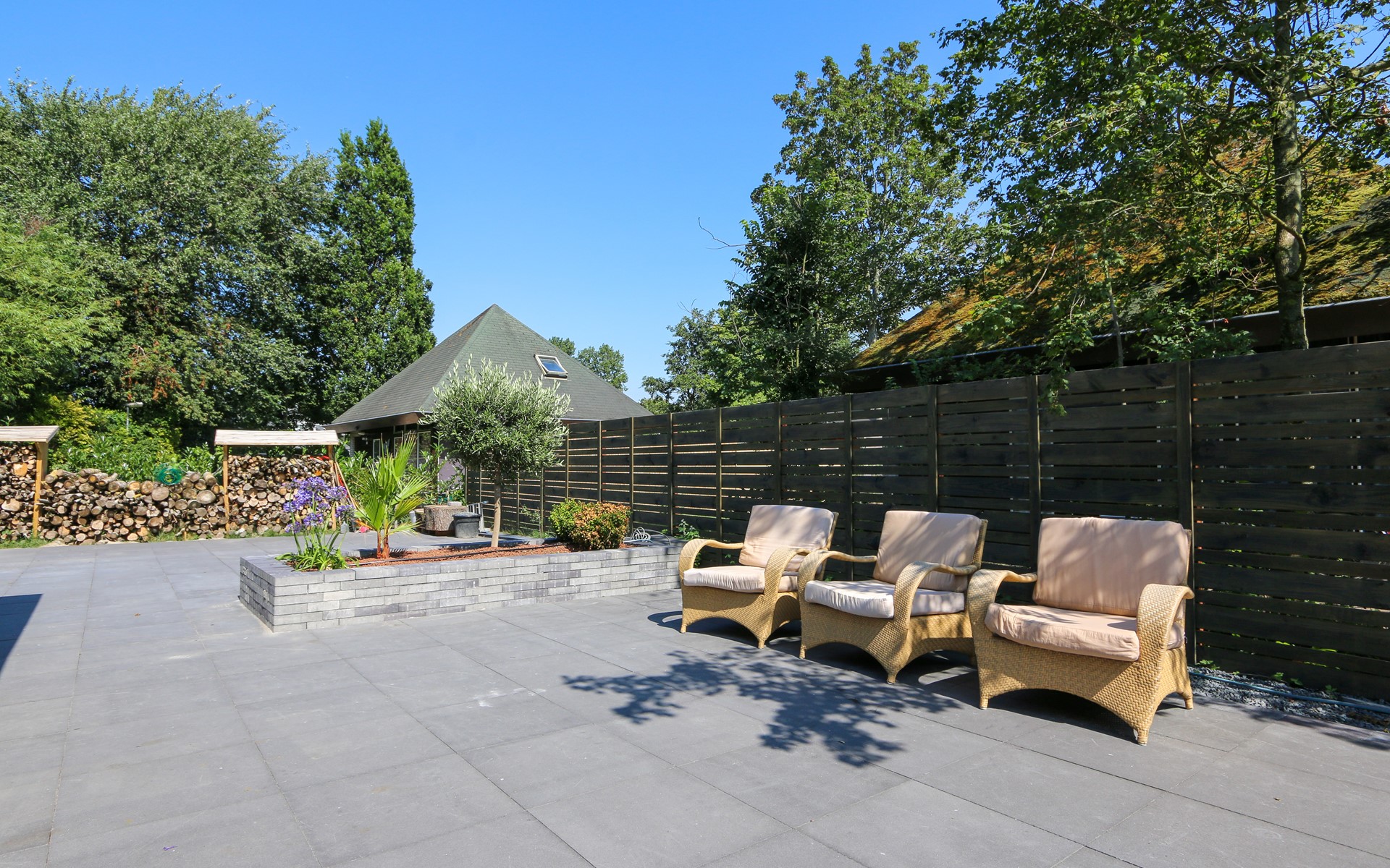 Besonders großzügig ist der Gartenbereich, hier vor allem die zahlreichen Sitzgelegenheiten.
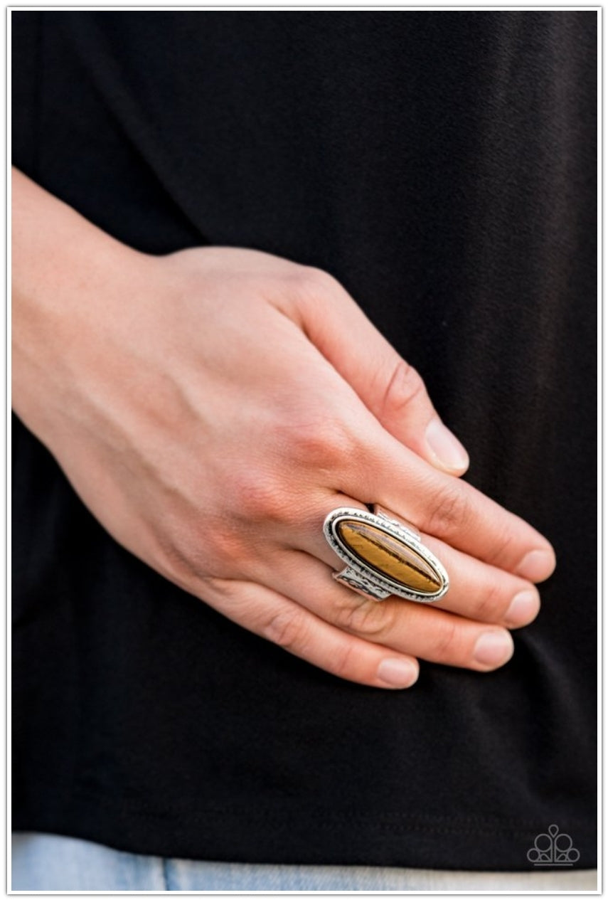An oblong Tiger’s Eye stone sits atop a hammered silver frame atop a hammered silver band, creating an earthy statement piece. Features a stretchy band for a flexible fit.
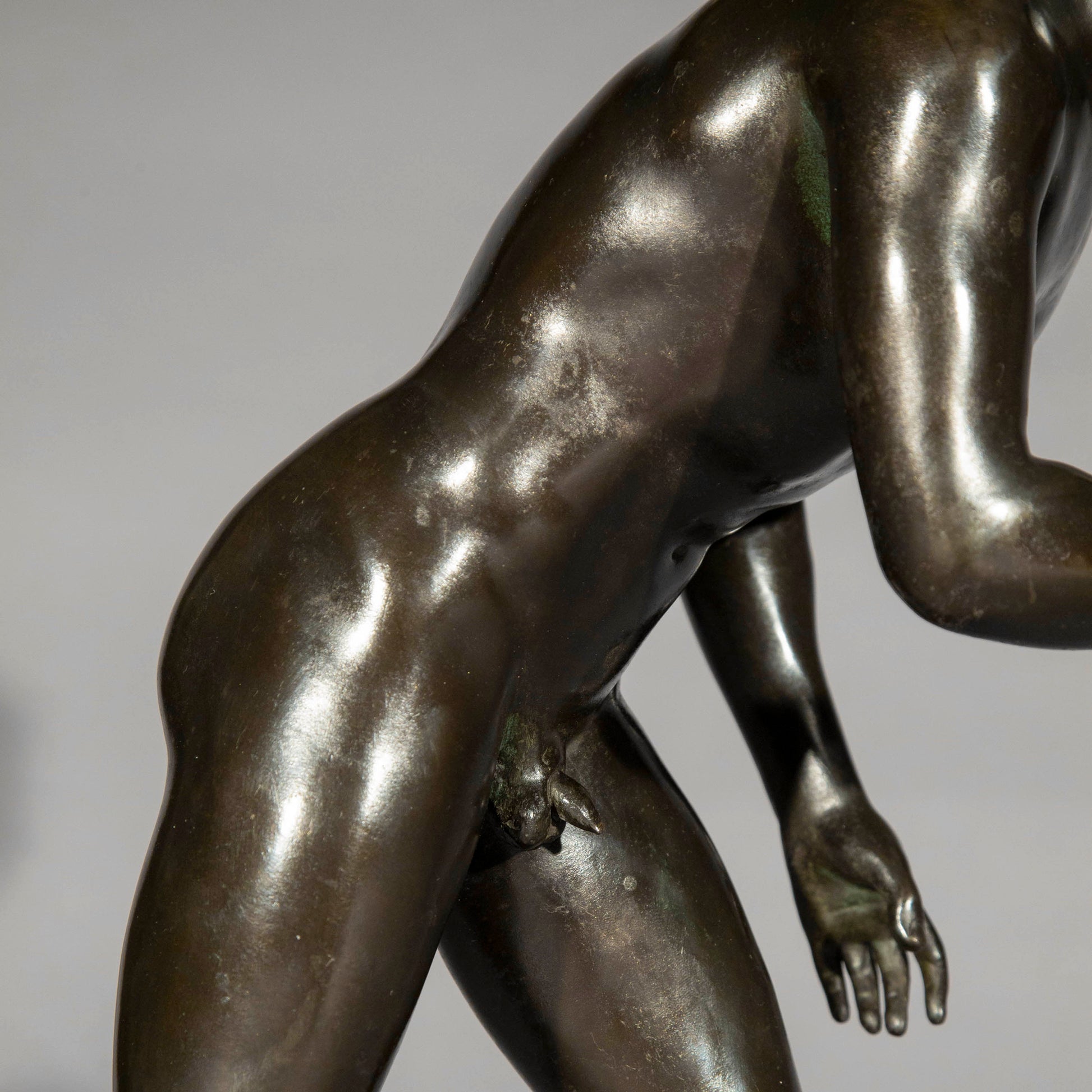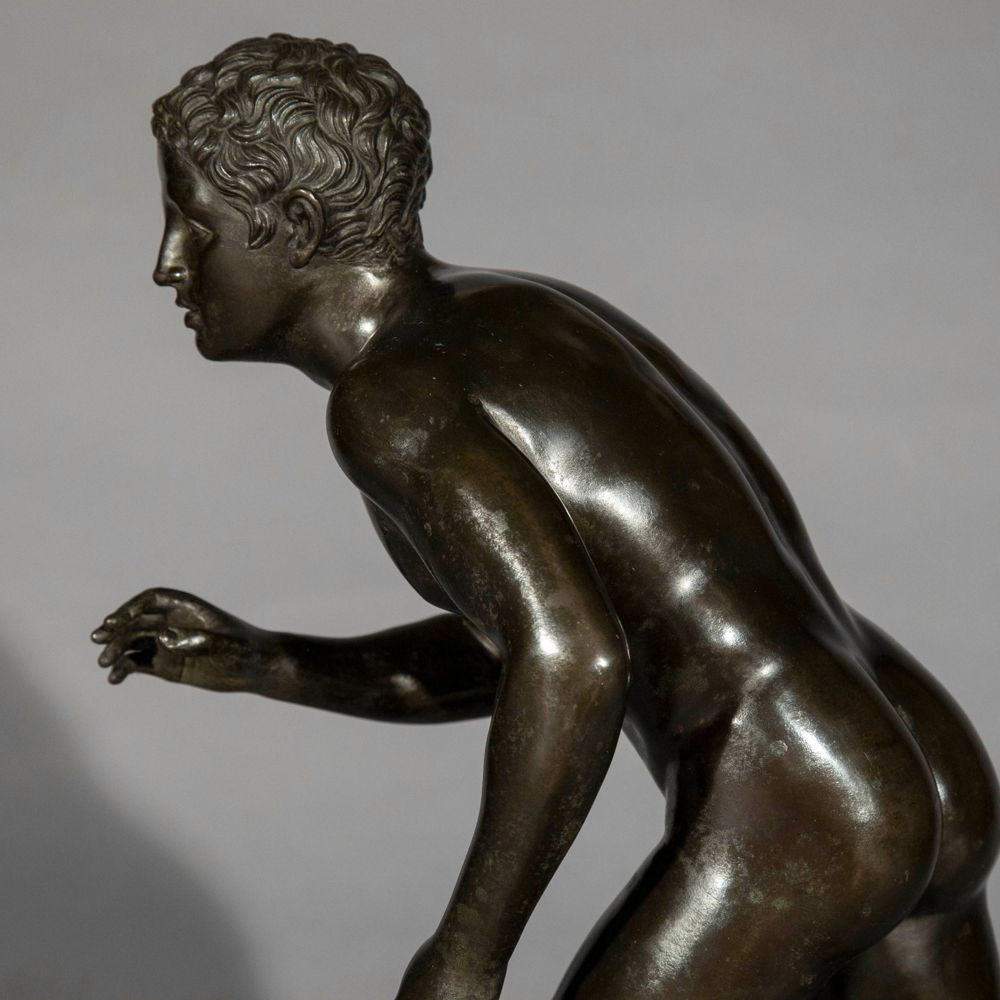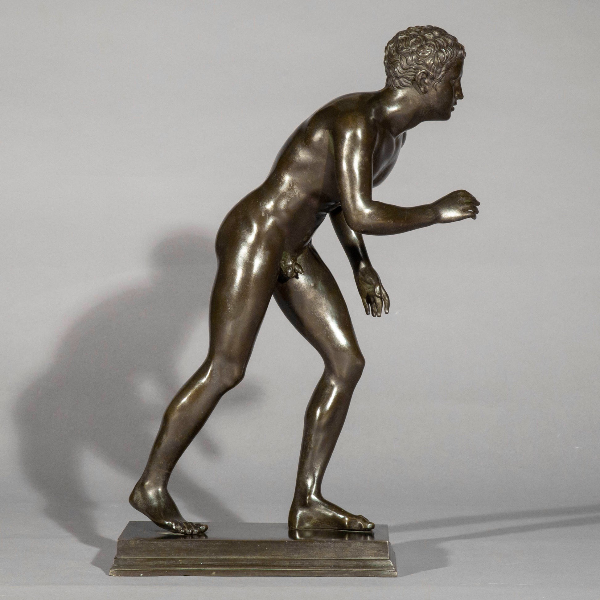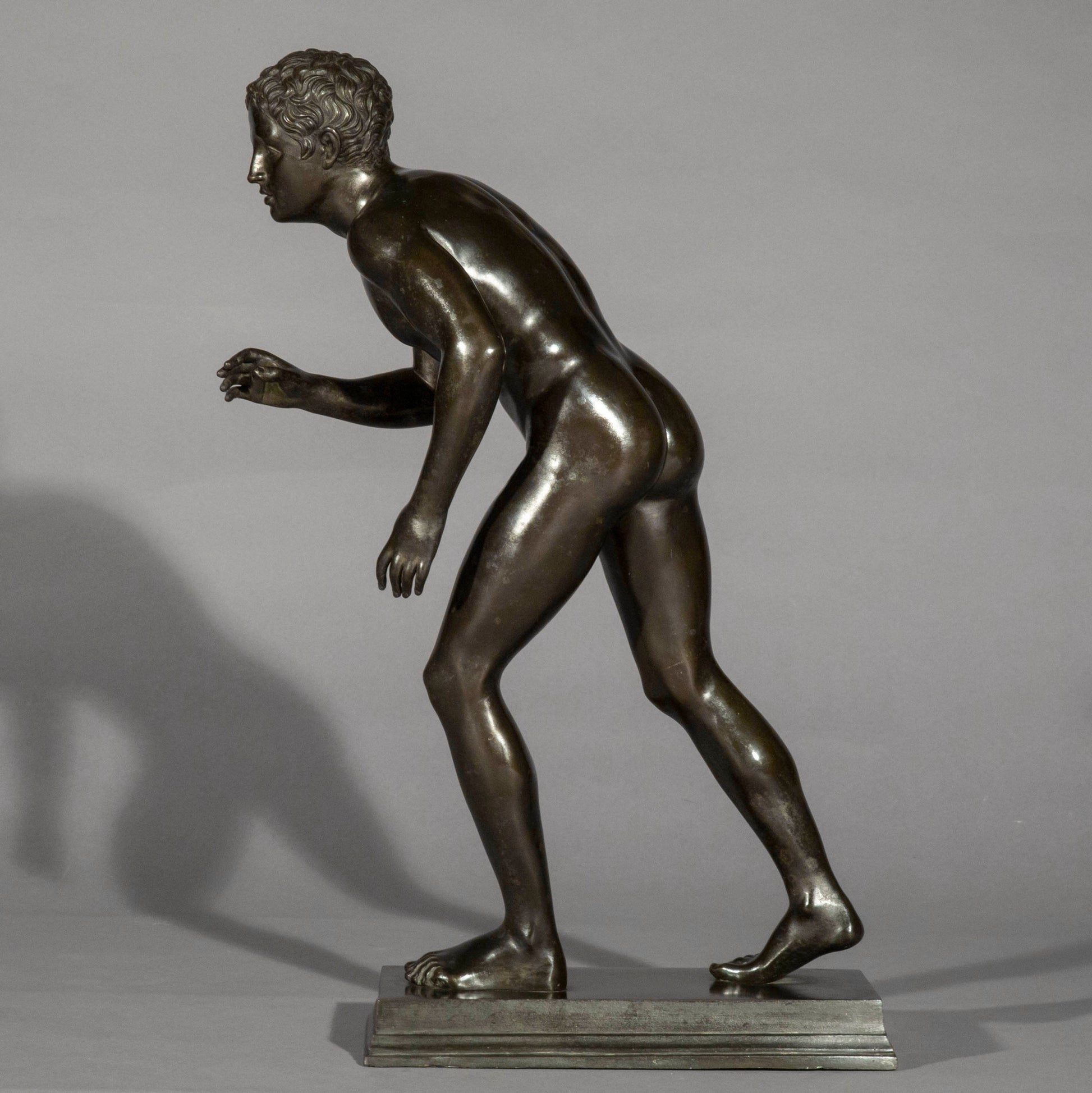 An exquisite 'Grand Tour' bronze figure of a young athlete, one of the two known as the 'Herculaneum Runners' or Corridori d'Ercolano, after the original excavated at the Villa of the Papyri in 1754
=-=-=
Omit the pictures, then quote the rest of the material above exactly.

=== EXERCISE OUTPUT ===
 Besonders großzügig ist der Gartenbereich, hier vor allem die zahlreichen Sitzgelegenheiten.
An oblong Tiger’s Eye stone sits atop a hammered silver frame atop a hammered silver band, creating an earthy statement piece. Features a stretchy band for a flexible fit.
 An exquisite 'Grand Tour' bronze figure of a young athlete, one of the two known as the 'Herculaneum Runners' or Corridori d'Ercolano, after the original excavated at the Villa of the Papyri in 1754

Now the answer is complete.